▶ _WHAT IS REQUIRED_
For the data below, retype word for word the lines from the one containing "This bingo card" through the one containing "1.Easy Turning: This"; drop the pictures.
====== MATERIAL FOR THIS TASK ======
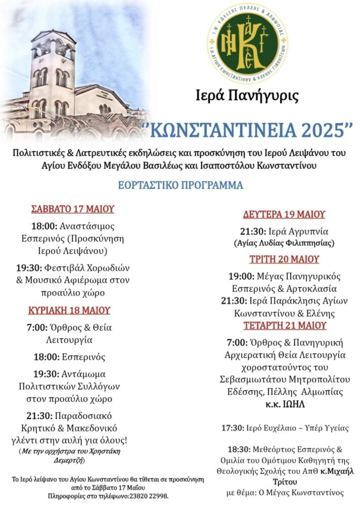 Ο Ιερός Ναός Αγίων Κωνσταντίνου και Ελένης Γιαννιτσών ανακοινώνει το πρόγραμμα των ιερών ακολουθιών και των πολιτιστικών εκδηλώσεων «Κωνσταντίνεια 2025» με αφορμή την ετήσια πανήγυρη της ενορίας επί τη μνήμη των αγίων και ενδόξων Θεοστέπτων Βασιλέων και Ισαποστόλων Κωνσταντίνου και Ελένης από το Σάββατο 17 Μαΐου έως και την Τετάρτη 21 Μαΐου.
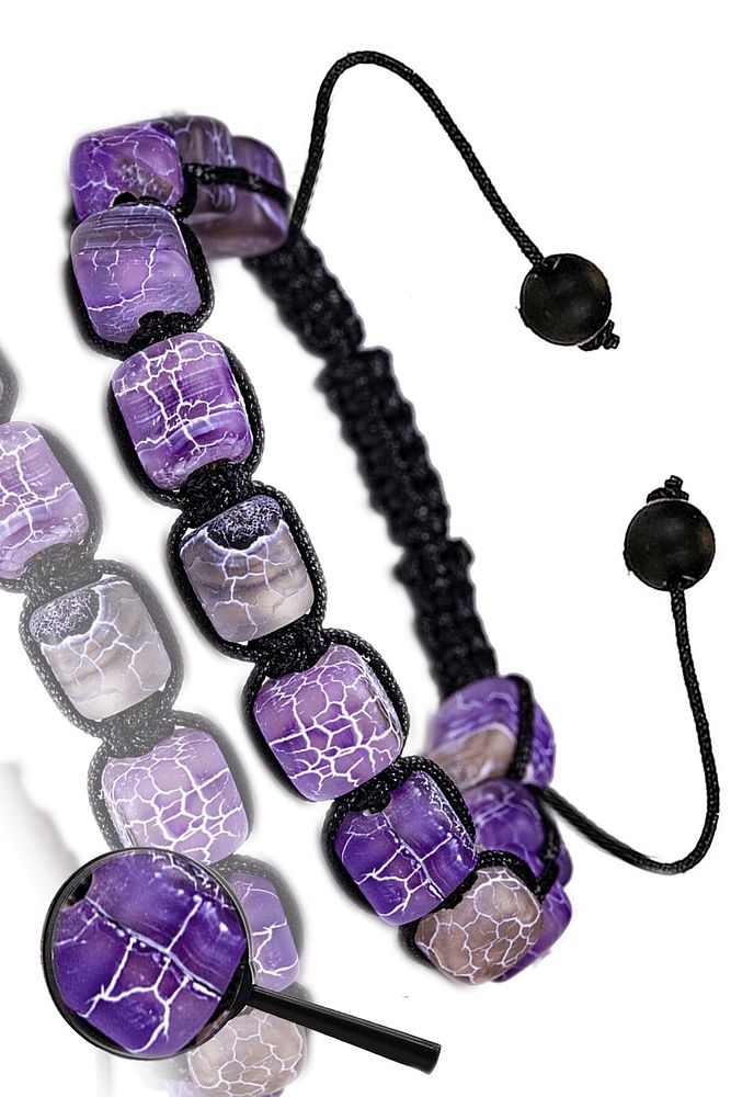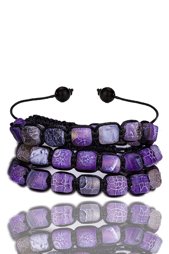 Sertifikalı Makrome Küp Kesim Damarlı Mor Akik Taşı Bileklik
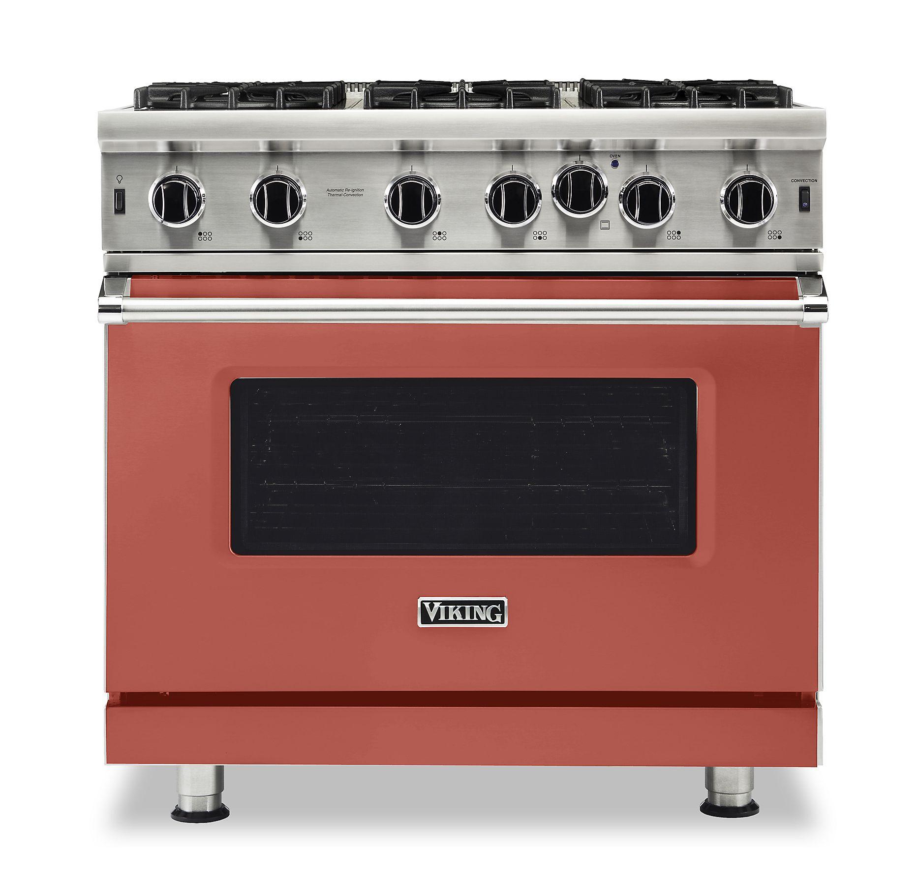 • Heavy-duty, porcelainized, cast-iron removable surface grates provide continuous front-to-rear, left-to-right surface for easy movement of large pots
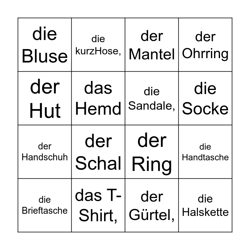 This bingo card has 24 words: der Rock,, die Hose, die Socke, die Schuhe, der Hut, die Bluse, das Hemd, die kurzHose,, das T-Shirt,, die Armbanduhr, der Handschuh, der Ring, die Brille, die Sonnenbrille, die Sandale,, das Kleid, der Gürtel,, der Mantel, der Schal, die Handtasche, die Brieftasche, die Halskette, der Ohrring and die Krawatte..
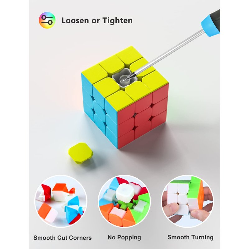 1.Easy Turning: This speed cube set anti-pop structure and anti-jam feature ensure it far easier and quicker to turn.
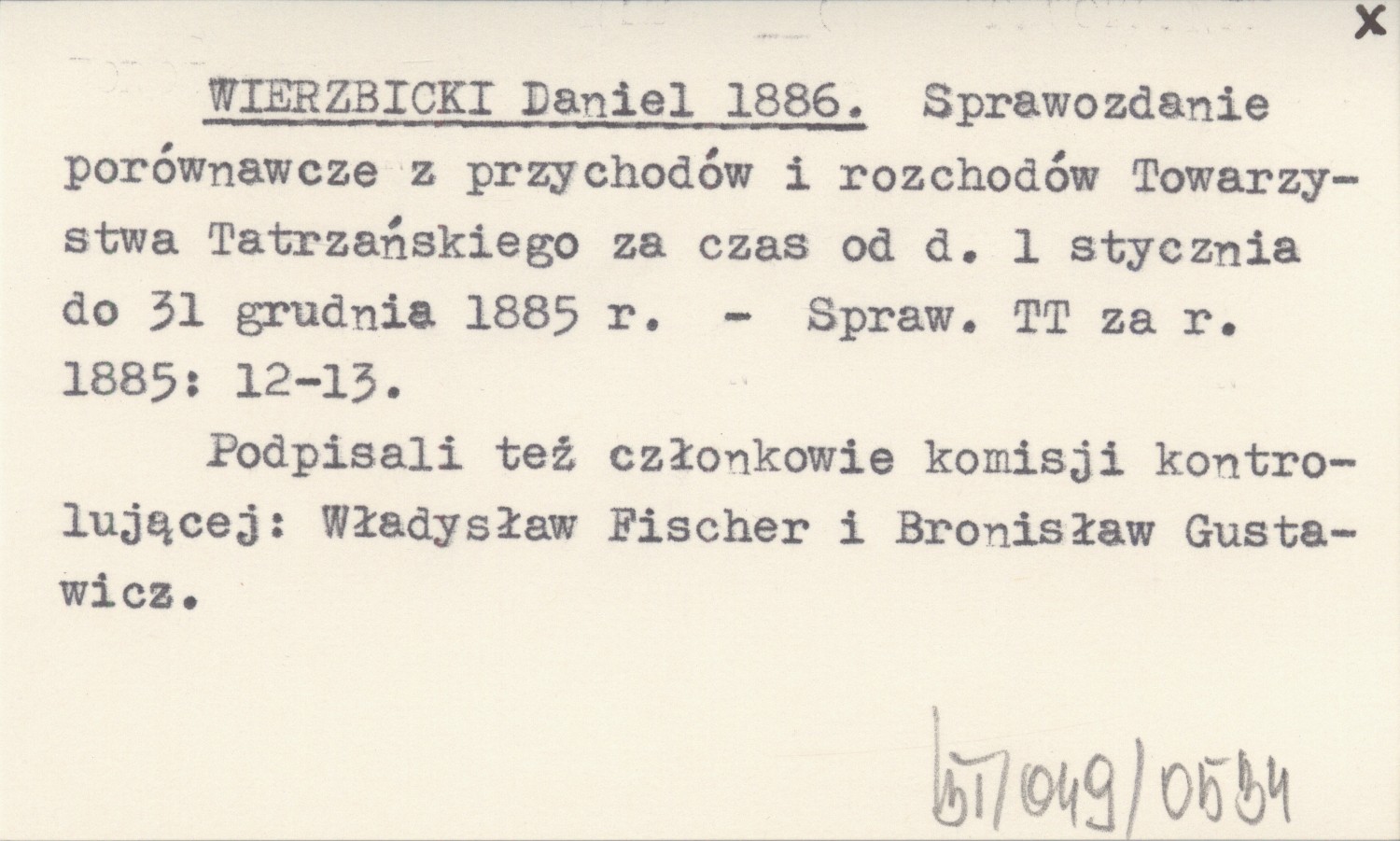 WIERZBICKI Daniel 1886 Sprawozdanie porównawcze z przychodów i rozchodów Towarzystwa Tatrzańskiego za czas od d. 1 stycznia do 31 grudnia 1885 r.
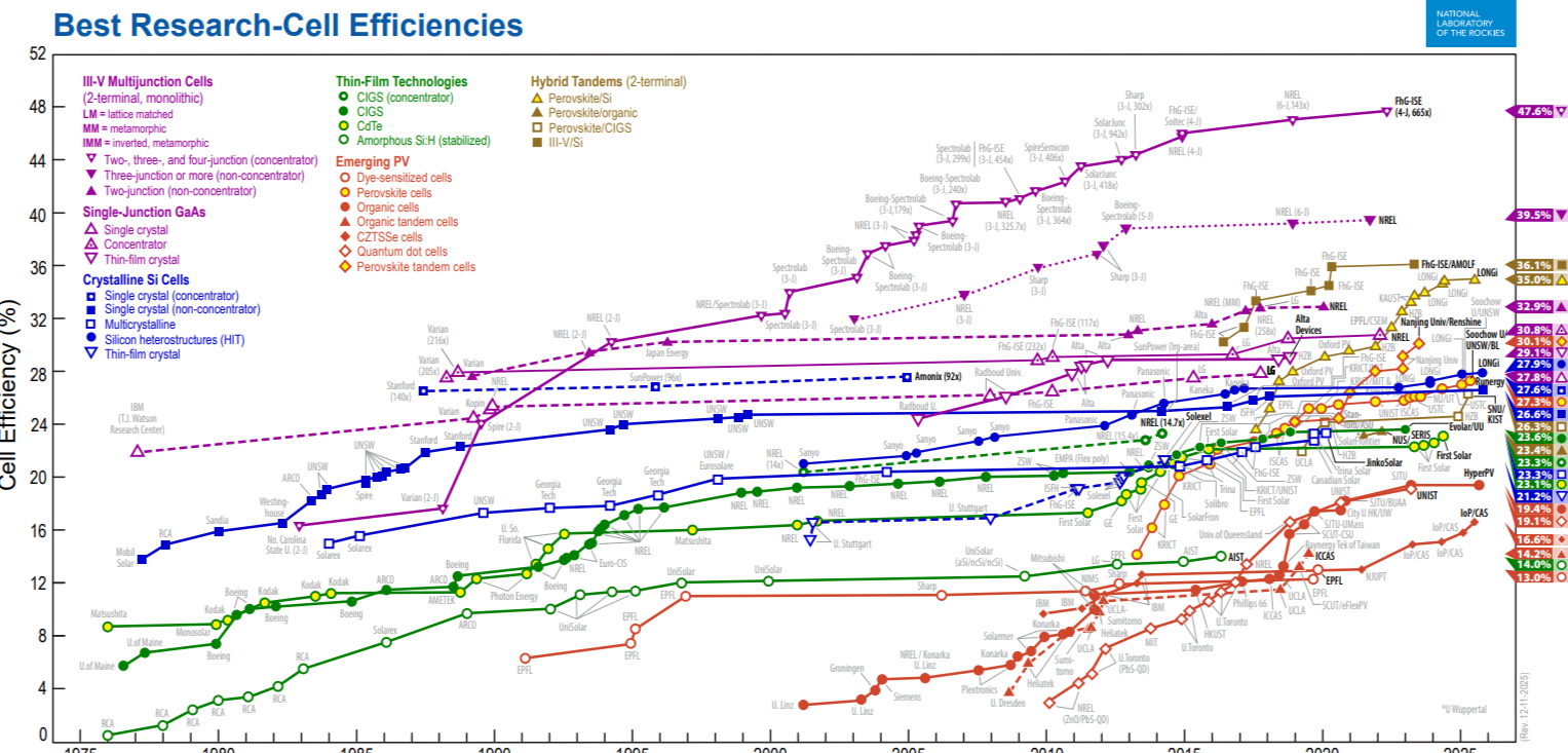 Seit Jahrzehnten dokumentiert diese Übersicht die weltweit höchsten Wirkungsgrade von Solarzellen und macht technologische Durchbrüche – etwa bei Perowskit-Silizium-Tandemzellen oder hochentwickelten Siliziumzellen – transparent. Das Chart wird traditionell vom bekannten US-Forschungslabor NREL gepflegt. Am 1. Dezember 2025 hat das US Department of Energy jedoch den Namen des Instituts von National Renewable Energy Laboratory zu National Laboratory of the Rockies geändert. Nach Angaben des Department of Energy soll der neue Name die erweiterte Mission des Labors unter der Trump Administration widerspiegeln. Unabhängig von dieser Namensänderung bleibt das Effizienzdiagramm eine der wichtigsten Referenzen der globalen Solarbranche – und zeigt Jahr für Jahr, wie schnell sich die Leistungsfähigkeit von Solarzellen weiter verbessert.
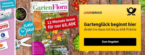Beim Leserservice der Deutschen Post erhaltet ihr jetzt im Flash-Sale die beliebte Zeitschrift GartenFlora für 65,40€ mit bis zu 65€ Prämie.
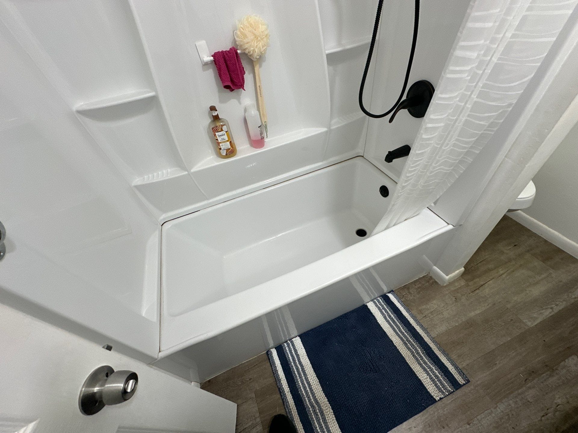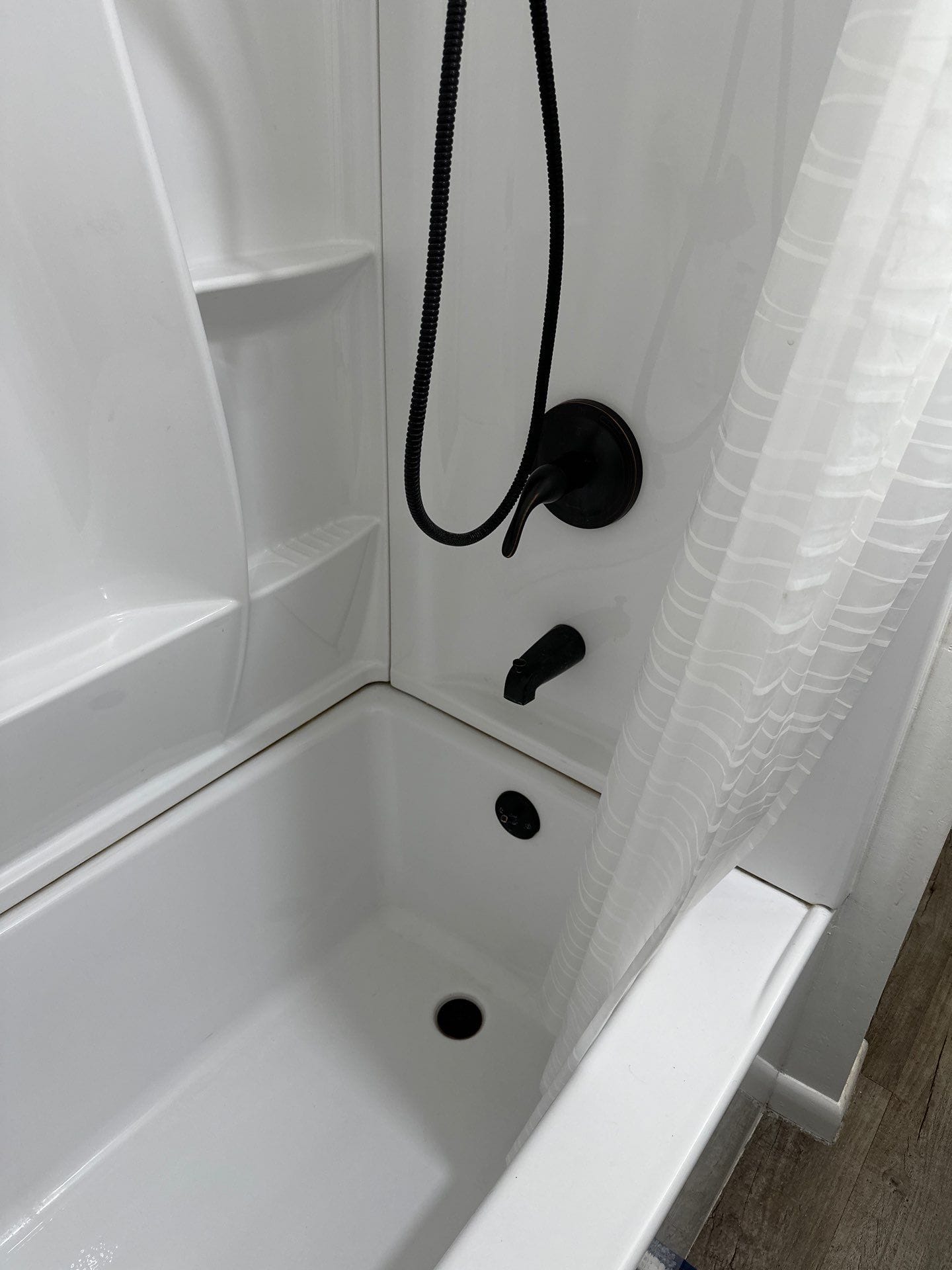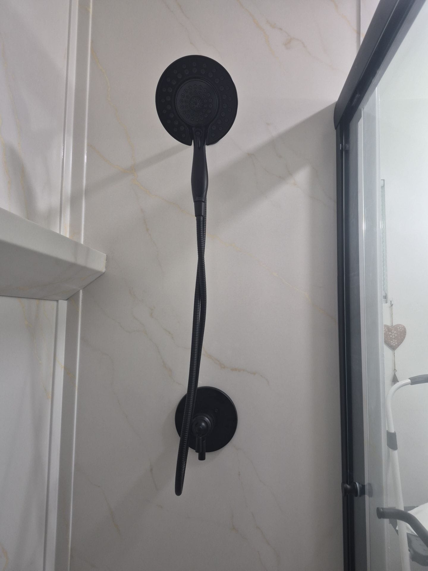 The Representative presented multiple material options, including grout-free wall systems designed for durability, low maintenance, and long-term performance. Final installation reflects a composite-style wall system with a smooth, marble-inspired finish and subtle veining, paired with matte black fixtures for a modern contrast. The system is antimicrobial, fully waterproof, and engineered without grout lines or caulking to simplify cleaning. The company’s bathroom-focused approach, strong customer satisfaction reputation, and emphasis on safety and product reliability reinforced trust throughout the decision process.
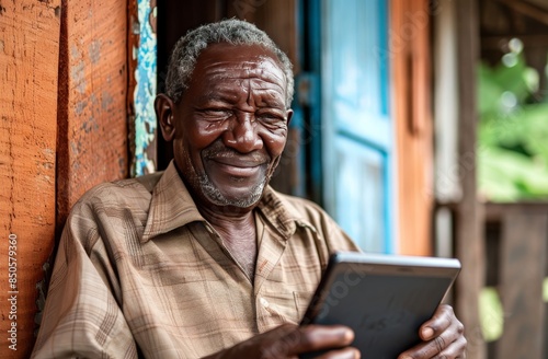 © Ratko, Naklejka premium Elderly man smiling while using a tablet at home
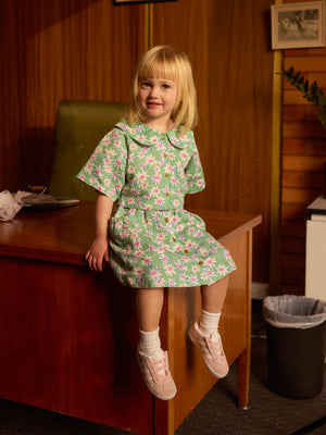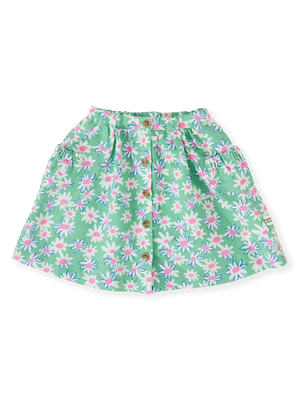Made for twirling through sun-dappled days, this relaxed-fit skirt is true to size with a comfortable elasticated waist and sweet button-down front. Functional pockets are perfect for collecting tiny treasures, while our hand-drawn daisy print brings a touch of wildflower magic. Soft, simple, and ready for everyday wonder.
======
▶ _TASK ANSWER_
 This bingo card has 24 words: der Rock,, die Hose, die Socke, die Schuhe, der Hut, die Bluse, das Hemd, die kurzHose,, das T-Shirt,, die Armbanduhr, der Handschuh, der Ring, die Brille, die Sonnenbrille, die Sandale,, das Kleid, der Gürtel,, der Mantel, der Schal, die Handtasche, die Brieftasche, die Halskette, der Ohrring and die Krawatte..
 1.Easy Turning: This speed cube set anti-pop structure and anti-jam feature ensure it far easier and quicker to turn.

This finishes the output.